Les chasseurs, les loups et la maman dans la Forêt sans nom

Il était une fois, au milieu d’un pays et depuis la nuit des temps, une immense forêt. On appelait cette forêt la forêt sans nom. Elle couvrait un grand nombre de douces collines et de vallées formant entre elles comme un labyrinthe. La forêt sans nom était si grande qu’elle entourait des montagnes et de grands volcans couverts de neige jusqu’en été.  De là venaient presque toutes les rivières du pays : elles sortaient de la forêt sans nom et traversaient les paysages de tous côtés jusqu’à la mer.

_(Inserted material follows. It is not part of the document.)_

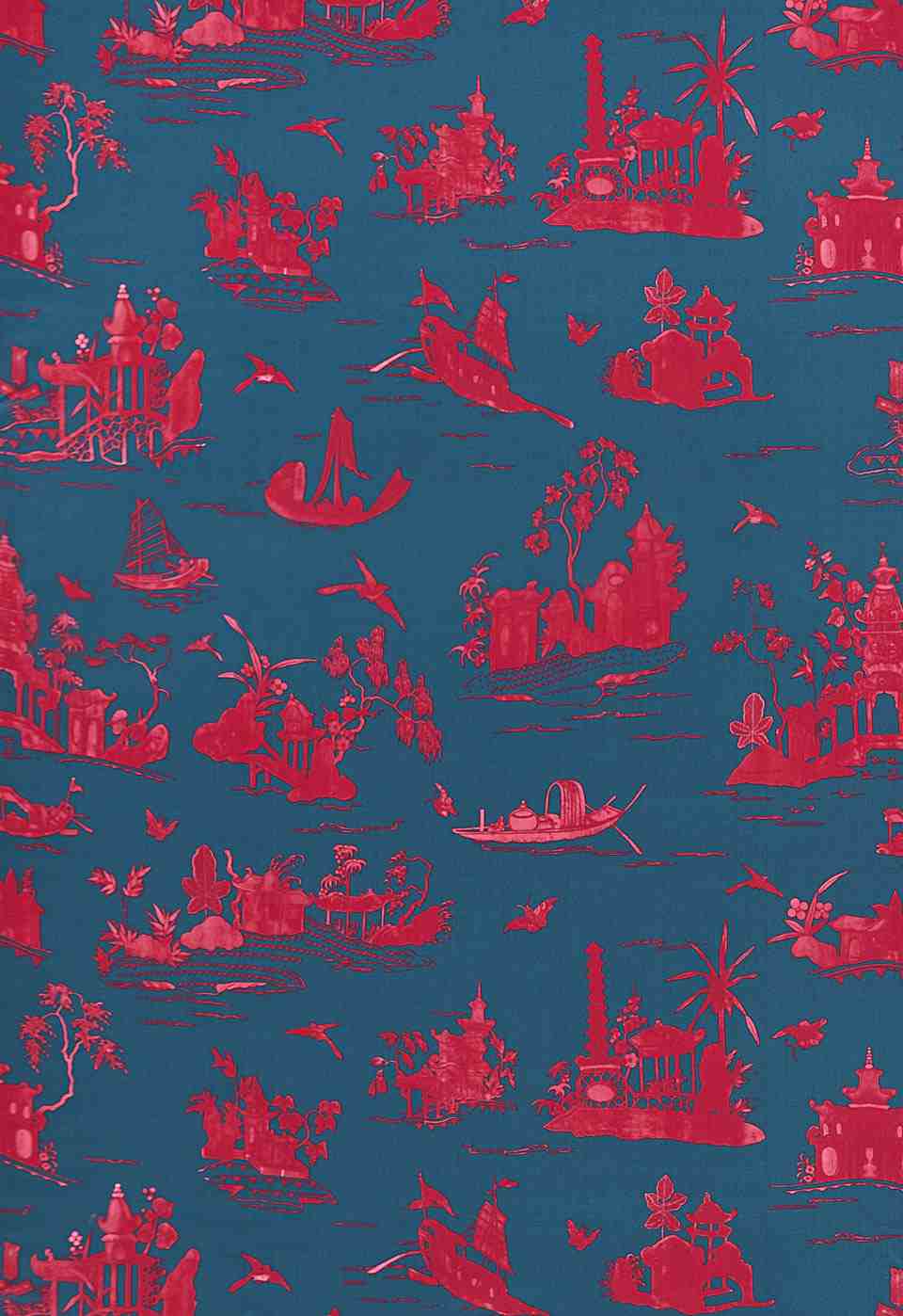 Schumacher Fabric COROMANDEL PRUSSIAN BLUE/ROUGE

Dans la forêt, vivaient plein de sortes d’oiseaux, de plantes, d’animaux et d’arbres : de très beaux et très grands arbres, mais aussi de plus modestes, néanmoins d’une taille harmonieuse et d’un ombrage parfait. Au pied de ces arbres, à l’automne, s’épanouissaient quantités de champignons : les uns, délicatement parfumés, délicieux à manger en omelette baveuse ou avec du pâté ; mais d’autres, à surtout ne pas cueillir car c’étaient des poisons. En plus des champignons, on trouvait des myrtilles et des fraises des bois, elles aussi d’un goût merveilleux. Sur les pentes boisées ou dans les fossés poussaient également des herbes et des fleurs qui guérissent les maladies si on les cueille au bon moment et si on sait bien les choisir, les mélanger et les préparer. Mais aussi d’autres herbes, à ne pas mettre entre toutes les mains parce que, si elles sont euphorisantes (jusqu’à faire rire et voir, sans dormir, des choses fantastiques qu’on ne voit même pas au cinéma) elles sont dangereuses jusqu’à tuer à petit ou grand feu ceux qui les goûtent.

A partir d’un certain âge, presque tous les gens du pays connaissaient aussi bien les merveilles que les dangers de cette extraordinaire forêt sans nom. Pourtant, presque personne n’y allait. A cause des loups. De grands loups noirs avec des yeux rouges ; des loups féroces avec de grandes dents blanches ; des loups puissants et affamés courant très vite, et grimpant aux arbres. Si bien que tous ceux et toutes celles qui voulaient traverser la forêt, ou aller y cueillir les champignons et les plantes, devaient se faire accompagner par des chasseurs, chaque chasseur avec au moins deux fusils et une mitraillette : un fusil sur l’épaule droite (à prendre de la main gauche) pour tirer sur les loups méchants attaquant par la gauche ; un fusil sur l’épaule gauche (à prendre de la main droite) pour tirer sur les loups méchants attaquant par la droite ; et la mitraillette sur le ventre pour tirer sur les loups méchants attaquant par devant.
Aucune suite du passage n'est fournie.